- _Dataset records_
◇ ◇ ◇ ◇ ◇ ◇ ◇

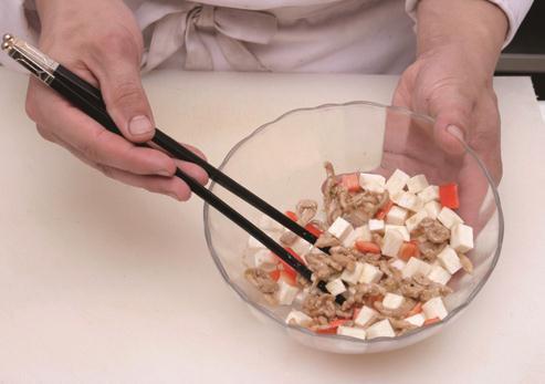 2 金针菇去根,洗净,放入沸水中焯一下,捞出用冷水过凉,沥净水分,切成小段。
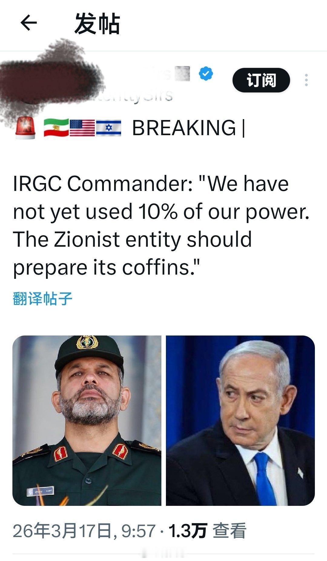 紧急消息 | 伊斯兰革命卫队指挥官:“我们尚未动用 10%的力量。犹太复国主义实
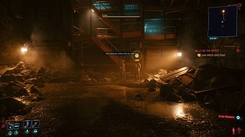 Juste après la bataille sur le chantier, vous passerez automatiquement à ce travail juste après être entré dans le tunnel du site. Parler à Panam pendant que vous êtes dans le panzer pour commencer. Ensuite, quittez le Basilisk et rejoignez Mitch et Saul. Approchez-vous de l’objectif marqué pour les trouver tous les deux vous attendant avec Panam par les escaliers.
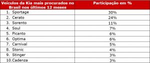 Segundo os dados da plataforma, o Sportage desponta na liderança como o veículo da Kia mais visitado pelos brasileiros no período, com 30% de participação entre os 10 mais visitados da marca. Na sequência, estão Cerato (24%), Sorento (11%), Soul (7%), Picanto (6%), Optima (6%), Carnival (5%), Stonic (4%), Stinger (3%) e Cadenza (3%).
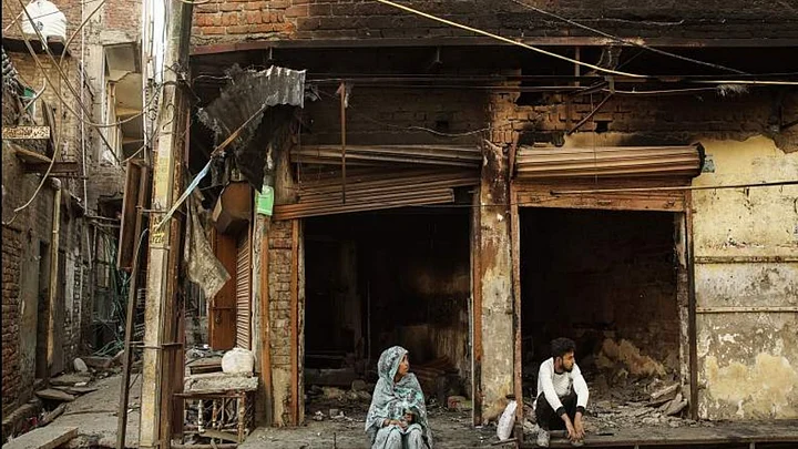 A mother and her son sitting outside their vandalised house in Shiv Vihar, Delhi
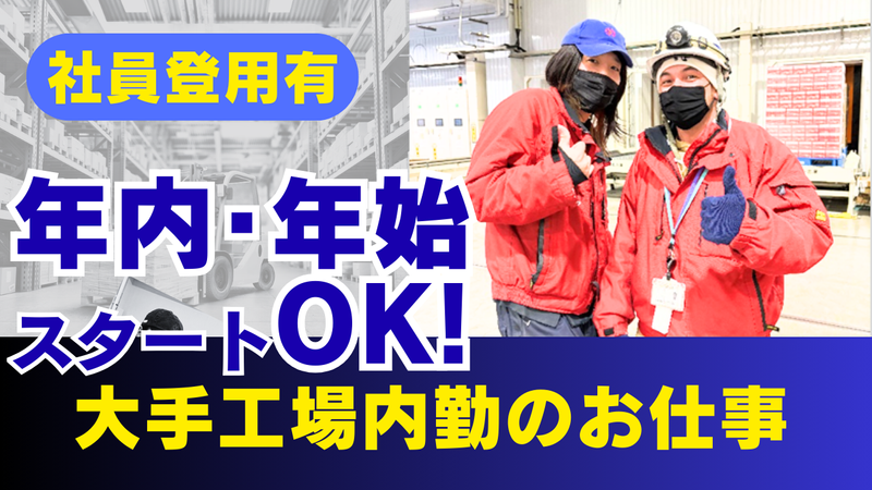 対象となる方 | 求めている人材 ◆高卒以上 ◆要フォークリフト免許 \こんな方歓迎します/ ◎短期やスポットでフォークリフト作業 をしていた方! ◎ブランクのある方 ◎フリーターさん ◎将来的に社員登用を目指したい方 \年内就職まだ間に合います!/ ・年内入社OK/年明け勤務開始OK ・応募からスピード採用 ・すぐ働きたい方、収入を安定させたい方歓迎 20代・30代・40代・50代まで幅広く活躍中。 新しい年に向けて「安定したキャリアを築きたい」という方にもおすすめです! |
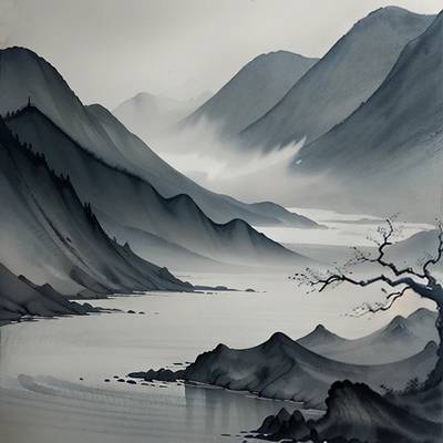 Живопись тушью / Ink wash painting: вид изобразительного искусства, в котором для создания живописного произведения используются неразведенные или разведенные водой чернила. Этот метод предполагает нанесение чернил на бумагу, ткань или другую поверхность, а затем их смешивание с водой для создания различных визуальных эффектов. При соединении чернил с водой зачастую образуются уникальные вариации цветов, тонов и оттенков, делающие произведение неповторимым. Тушь часто применяется для создания пейзажей, а также каллиграфического письма. Готовые работы, выполненные в данной технике, охотно используют в качестве иллюстраций.
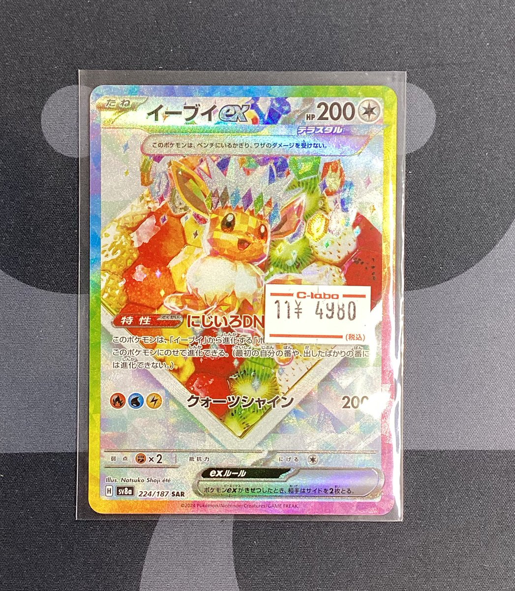 【ポケモンカード販売情報】 🎂イーブイex 224/187 SAR🎂 入荷しました🎀 スイーツ柄の可愛らしいデザインですよ🍰🍩 皆様のご来店お待ちしております🙇♂️
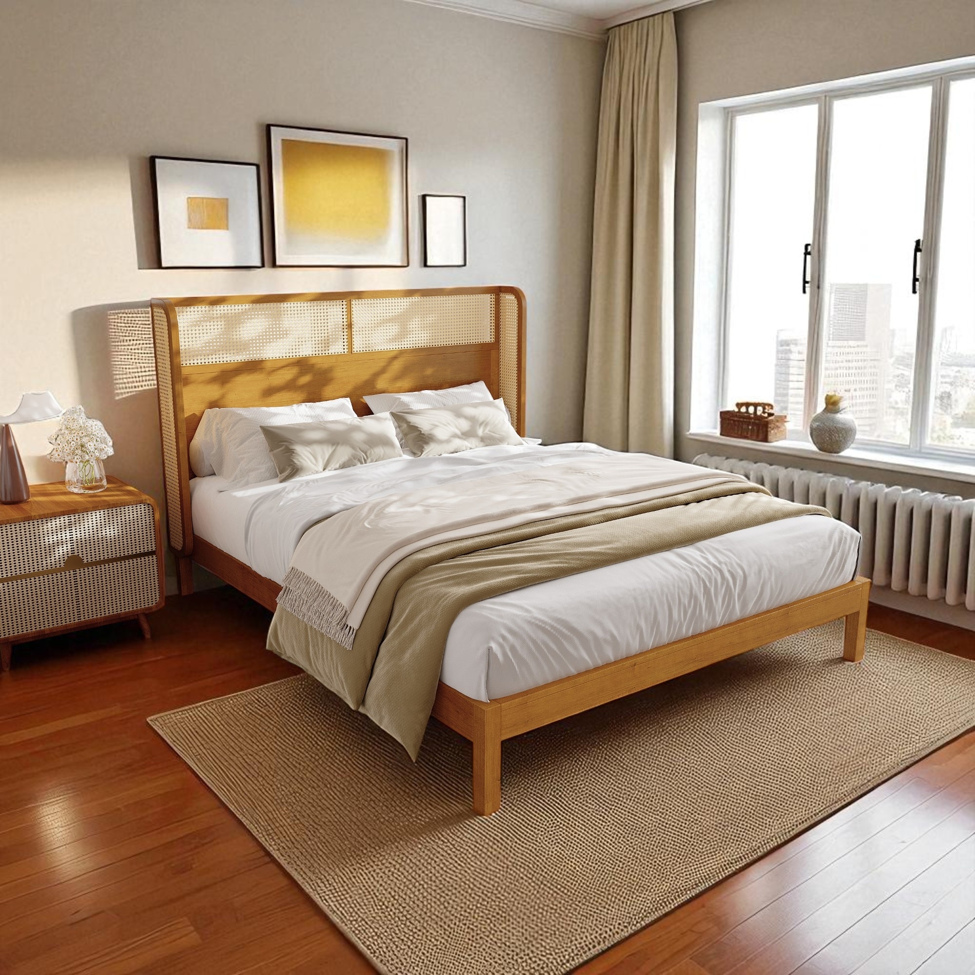 Product Introduction Experience the perfect balance of form and function with this premium Queen/King size platform bed. Crafted from solid rubber wood with a warm natural finish, this bed brings timeless mid-century modern charm to your bedroom.
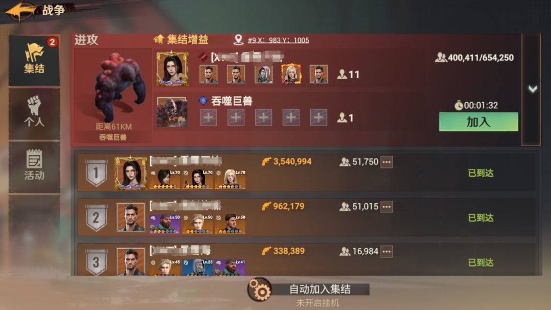 3、比伤害的活动有大佬带游戏中的很多活动能拿多少奖励,看得是大家造成的伤害,而联盟集结时,所有人进大佬的队伍后,吃的是大佬的buff加成,就算士兵数量不多或者自己英雄实力不够,也能造成单人作战时所达不到的伤害量。(比如毁灭降临活动,每天有固定进攻次数,奖励看伤害量来定,有大佬集结尽量别自己单打)
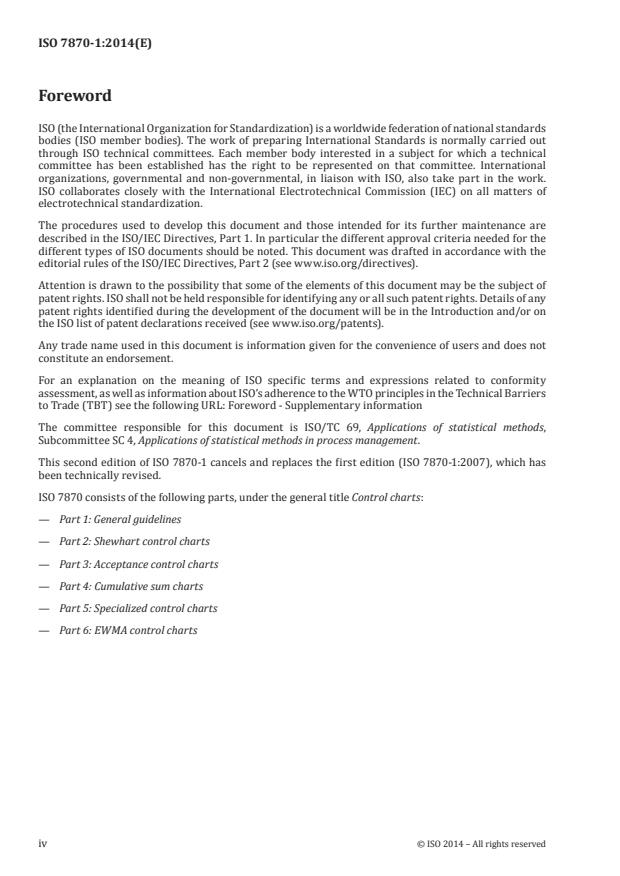 ISO 7870-1:2014 presents key elements and philosophy of the control chart approach, and identifies a wide variety of control charts (including those related to the Shewhart control chart, those stressing process acceptance or online process adjustment, and specialized control charts). It presents an overview of the basic principles and concepts and illustrates the relationship among various control chart approaches to aid in the selection of the most appropriate standard for given circumstances. It does not specify statistical control methods using control charts. These methods will be specified in future parts of ISO 7870.
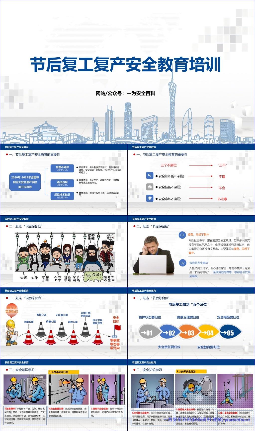 【PPT】节后复工复产安全培训教育培训-课件内容介绍:
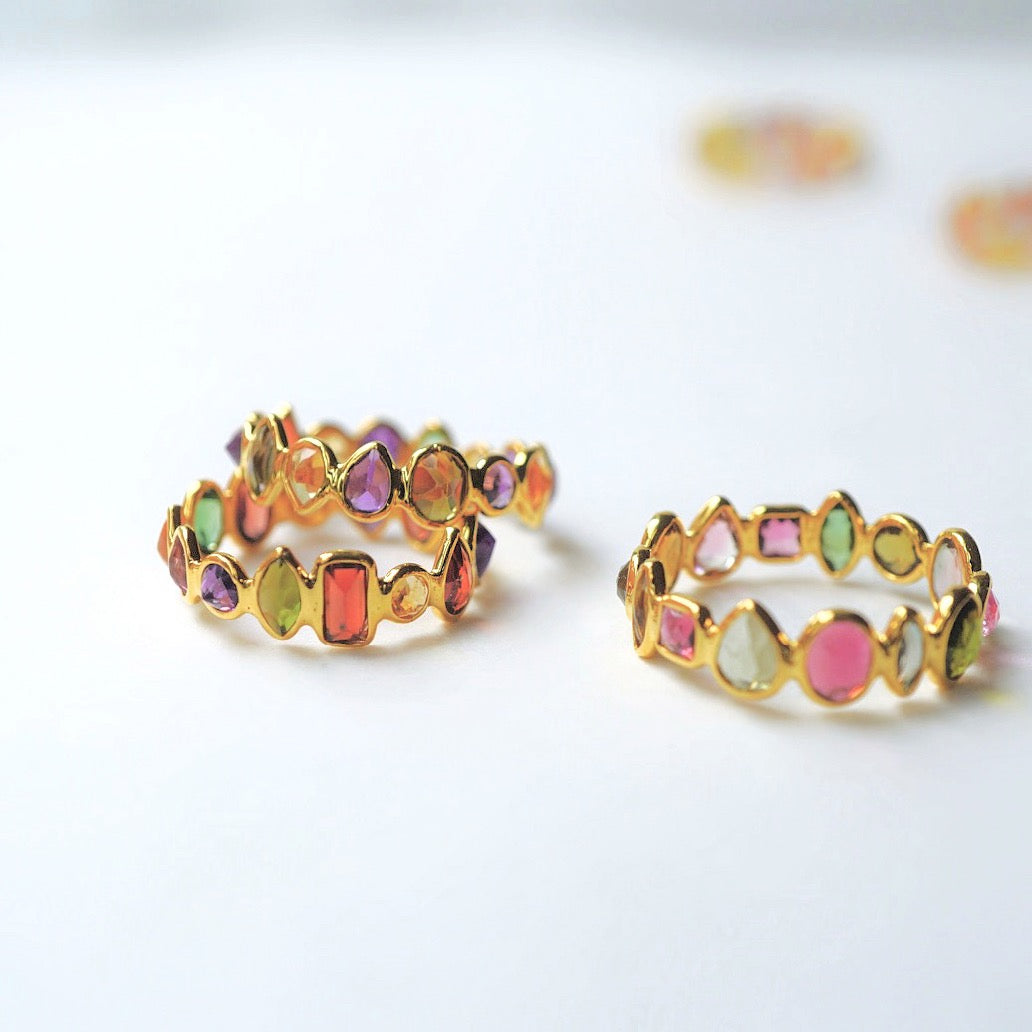 Hiromi.Aで1番人気のエタニティリング。お好みのお色味で石を並べます。着用する向きによって表情を変えることができるのがポイントです。 -
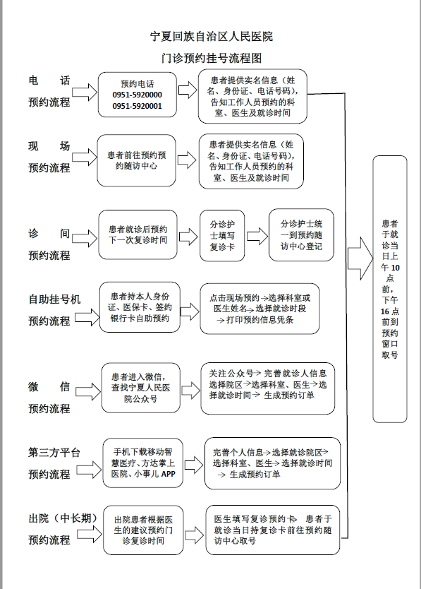 宁夏回族自治区人民医院 门诊预约挂号流程图
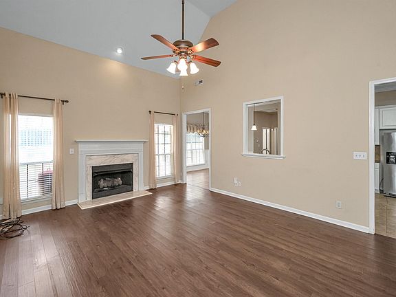 Lovely 3 bedroom 2 bath 4-sided brick home has a very large open floor plan, combining great room with fireplace and dining room accompanied with beautiful wood floors. Tile floor in the kitchen, gorgeous granite counters, a larger work area along with tremendous cabinet space featuring new appliances and faucet. Trey ceiling in primary suite & is split from other 2 bedrooms. 4th bedroom is upstairs and can be used as an office, kids playroom or a separate family area. Fenced in back yard is super handy for your 4-legged family friends. A wonderful & beautifully built home for so many reasons. Please come on by - you won't want to miss this amazing opportunity to live in a very charming area in Alabaster.

◇ ◇ ◇ ◇ ◇ ◇ ◇

- _The task_
From the records above, transcribe exactly the lines starting at the one containing "Juste après la" and ending at the one containing "A mother and". Skip the pictures.

- _Written answer_
 Juste après la bataille sur le chantier, vous passerez automatiquement à ce travail juste après être entré dans le tunnel du site. Parler à Panam pendant que vous êtes dans le panzer pour commencer. Ensuite, quittez le Basilisk et rejoignez Mitch et Saul. Approchez-vous de l’objectif marqué pour les trouver tous les deux vous attendant avec Panam par les escaliers.
 Segundo os dados da plataforma, o Sportage desponta na liderança como o veículo da Kia mais visitado pelos brasileiros no período, com 30% de participação entre os 10 mais visitados da marca. Na sequência, estão Cerato (24%), Sorento (11%), Soul (7%), Picanto (6%), Optima (6%), Carnival (5%), Stonic (4%), Stinger (3%) e Cadenza (3%).
 A mother and her son sitting outside their vandalised house in Shiv Vihar, Delhi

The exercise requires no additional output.